In May 2019, Melissa Polinsky, director of Apple’s global investigations and child safety team, faced investigators working on the UK’s inquiry into child sexual abuse. During two hours of questioning, Polinsky admitted Apple employed just six people on its global team responsible for investigating child abuse images. Polinsky also said the technology Apple used to scan for existing child abuse images online was “effective.”

Fast-forward two years, and Apple’s work to tackle child sexual abuse material has fallen off the rails. On September 3 the company made a rare public U-turn as it paused plans to introduce a system that looks for known child sexual abuse materials, or CSAM, on the iPhones and iPads of people in the US. “We have decided to take additional time over the coming months to collect input and make improvements before releasing these critically important child safety features,” Apple said in a statement, citing the “feedback” it had received.

So what does Apple do next? It’s unlikely the company can win over or please everyone with what follows—and the fallout from its plans have created an almighty mess. The technical complexities of Apple’s proposals have reduced some public discussions to blunt, for-or-against statements, and explosive language has, in some instances, polarized the debate. The fallout comes as the European Commission prepares child protection legislation that could make it mandatory for technology companies to scan for CSAM.

“The move [for Apple] to do some kind of content review was long overdue,” says Victoria Baines, a cybersecurity expert who has worked at both Facebook and Europol on child safety investigations. Technology companies are required by US law to report any CSAM they find online to the National Center for Missing and Exploited Children (NCMEC), a US nonprofit child-safety organization, but Apple has historically lagged behind its competitors.

In 2020, the NCMEC received 21.7 million CSAM reports, up from 16.9 million in 2019. Facebook topped the 2020 list—making 20.3 million reports last year. Google made 546,704; Dropbox 20,928; Twitter 65,062, Microsoft 96,776; and Snapchat 144,095. Apple made just 265 CSAM reports to NCMEC in 2020.

There are multiple “logical” reasons for the discrepancies, Baines says. Not all technology companies are equal. Facebook, for instance, is built on sharing and connecting with new people. Apple’s main focus is on its hardware, and most people use the company’s services to communicate with people they already know. Or, to put it more bluntly, nobody can search iMessage for children they can send sexually explicit messages to. Another issue at play here is detection. The number of reports a company sends to NCMEC can be based on how much effort it puts into finding CSAM. Better detection tools can also mean more abusive material is found. And some tech companies have done more than others to root out CSAM.

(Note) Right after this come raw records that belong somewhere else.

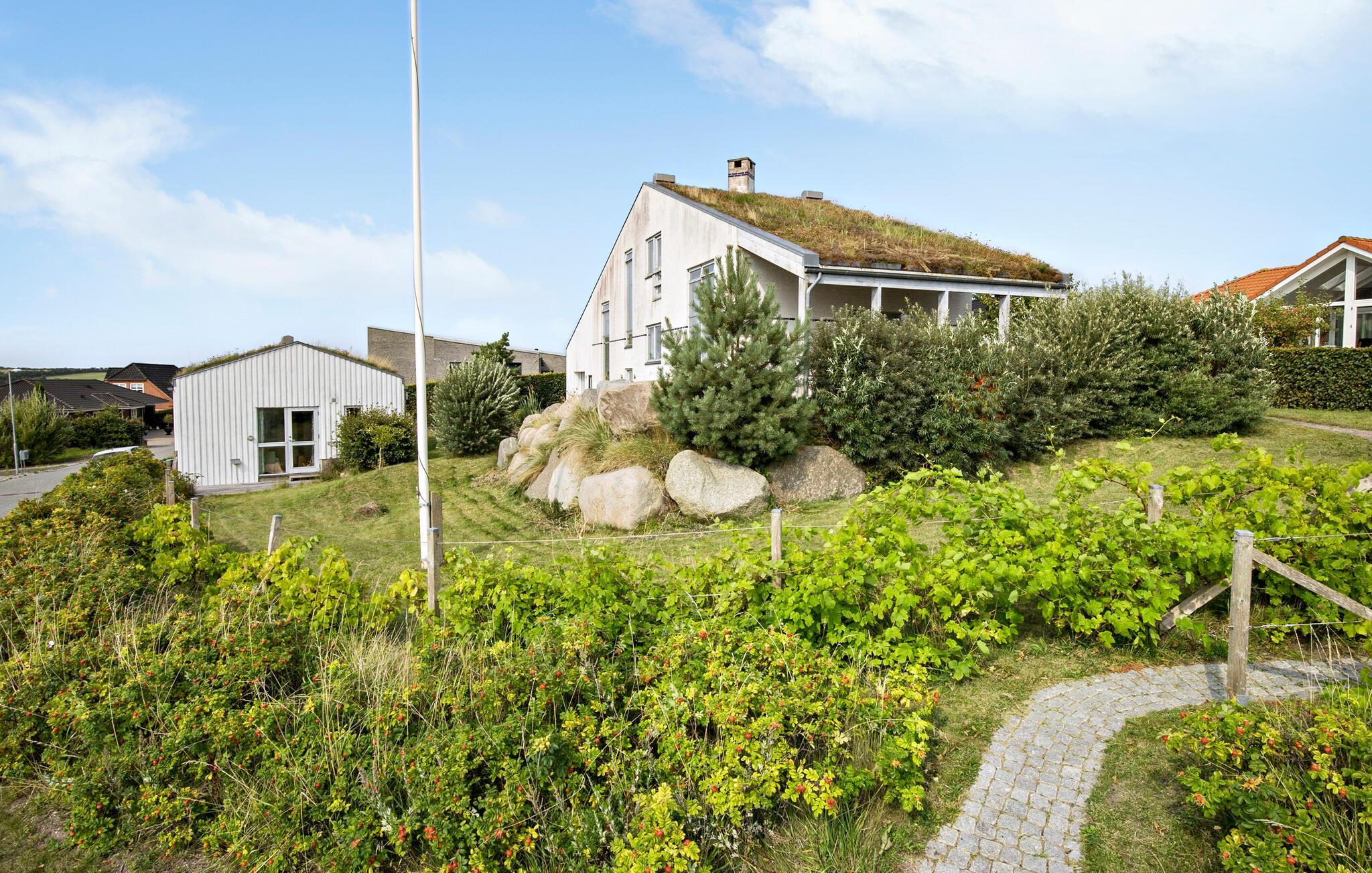 Modernes Ferienhaus in Grenaa mit einzigartiger Architektur und herrlichem Blick auf die ruhige Landschaft.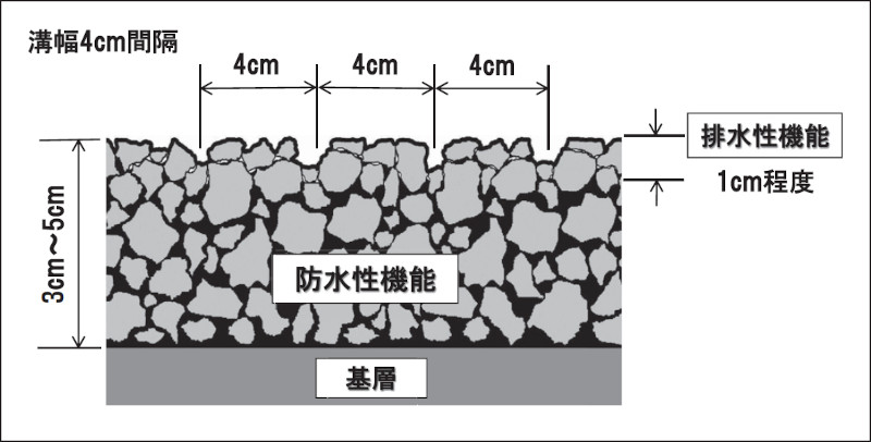 締固装置を改良したフィニッシャを用いた施工によって、路面のキメ深さを確保できる縦溝粗面に仕上がり、この縦溝粗面と表面付近の空隙層に凍結防止剤が簡単に流出せずに留まることで、塩分残存率の高い粗面系の凍結抑制舗装となる。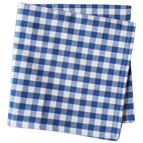 Our subtle pop of colors comes in through the pillows and the runner, which are from the Bullseye Playground at Target (a spot for bargains) and some blue gingham napkins (these napkins are made by Sferra, but they are an old style that is no longer available).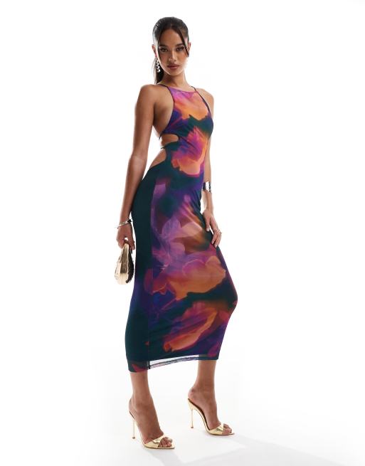 ASOS DESIGN – Neckholder-Midikleid mit extremem Zierausschnitt am Rücken und leuchtendem Blumenmuster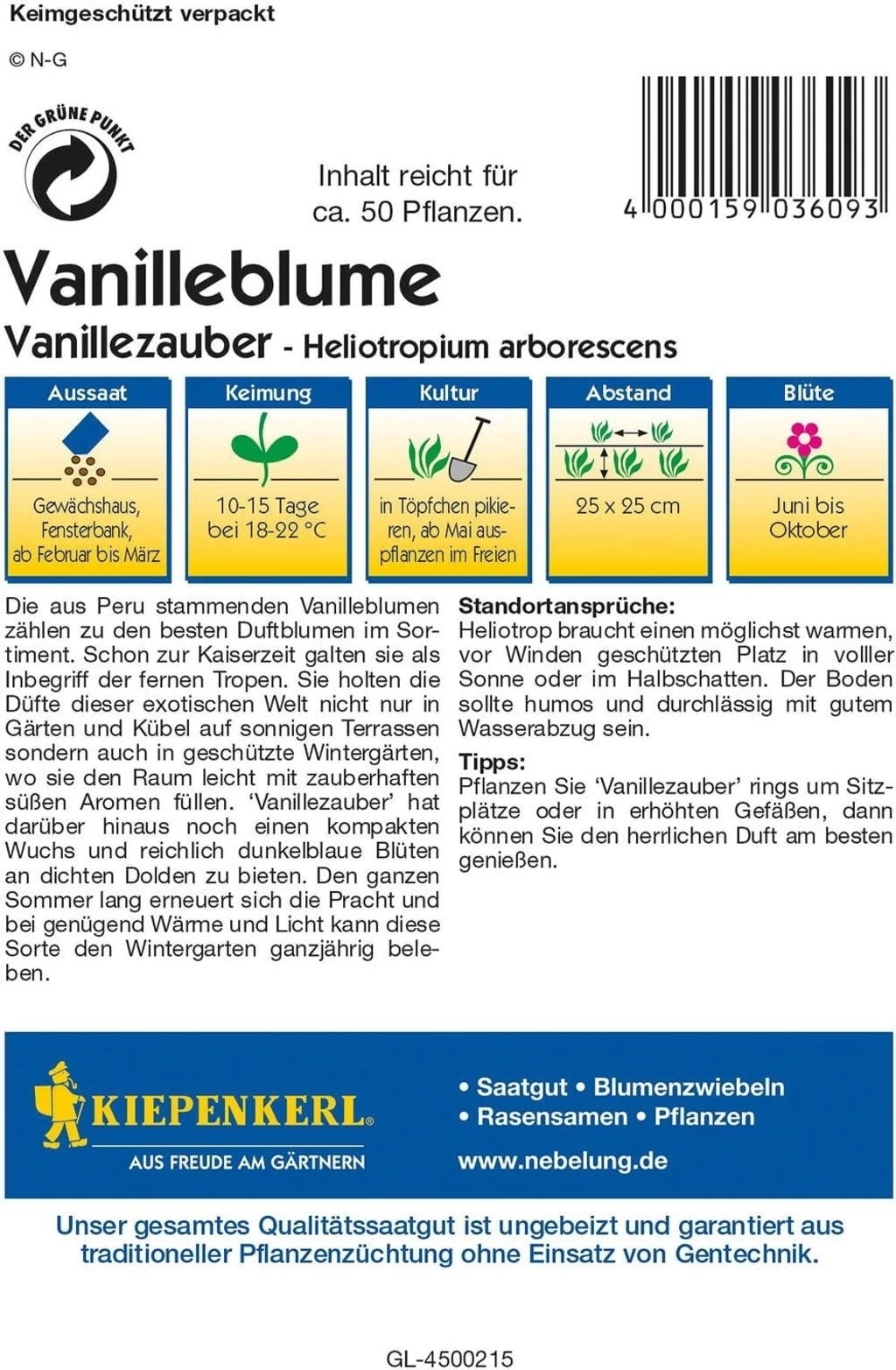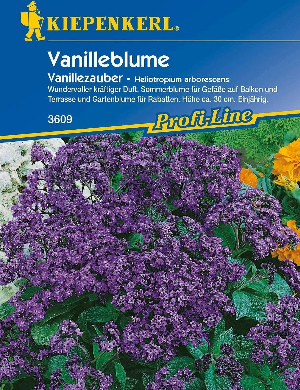 Die aus Peru stammenden Vanilleblumen zĂ€hlen zu den besten Duftblumen im Sortiment. Schon zur Kaiserzeit galten sie als Inbegriff der fernen Tropen. Sie holten die DĂŒfte dieser exotischen Welt nicht nur in GĂ€rten und KĂŒbel auf sonnigen Terrassen sondern auch in geschĂŒtzte WintergĂ€rten, wo sie den Raum leicht mit zauberhaften sĂŒĂen Aromen fĂŒllen. ‚Vanillezauber‘ hat darĂŒber hinaus noch einen kompakten Wuchs und reichlich dunkelblaue BlĂŒten an dichten Dolden zu bieten. Den ganzen Sommer lang erneuert sich die Pracht und bei genĂŒgend WĂ€rme und Licht kann diese Sorten den Wintergarten ganzjĂ€hrig beleben.

Detecting existing child sexual abuse materials primarily involves scanning what people send, or upload, when that piece of content reaches a company’s servers. Codes, known as hashes, are generated for photos and videos, and are compared with existing hashes for previously identified child sexual abuse material. Hash lists are created by child protection organizations, such as NCMEC and the UK’s Internet Watch Foundation. When a positive match is identified, the technology companies can take action and also report the finding to the NCMEC. Most commonly the process is done through PhotoDNA, which was developed by Microsoft.

Apple’s plan to scan for CSAM uploaded to iCloud flipped this approach on its head and, using some clever cryptography, moved part of the detection onto people’s phones. (Apple has scanned iCloud Mail for CSAM since 2019, but does not scan iCloud Photos or iCloud backups.) The proposal proved controversial for multiple reasons.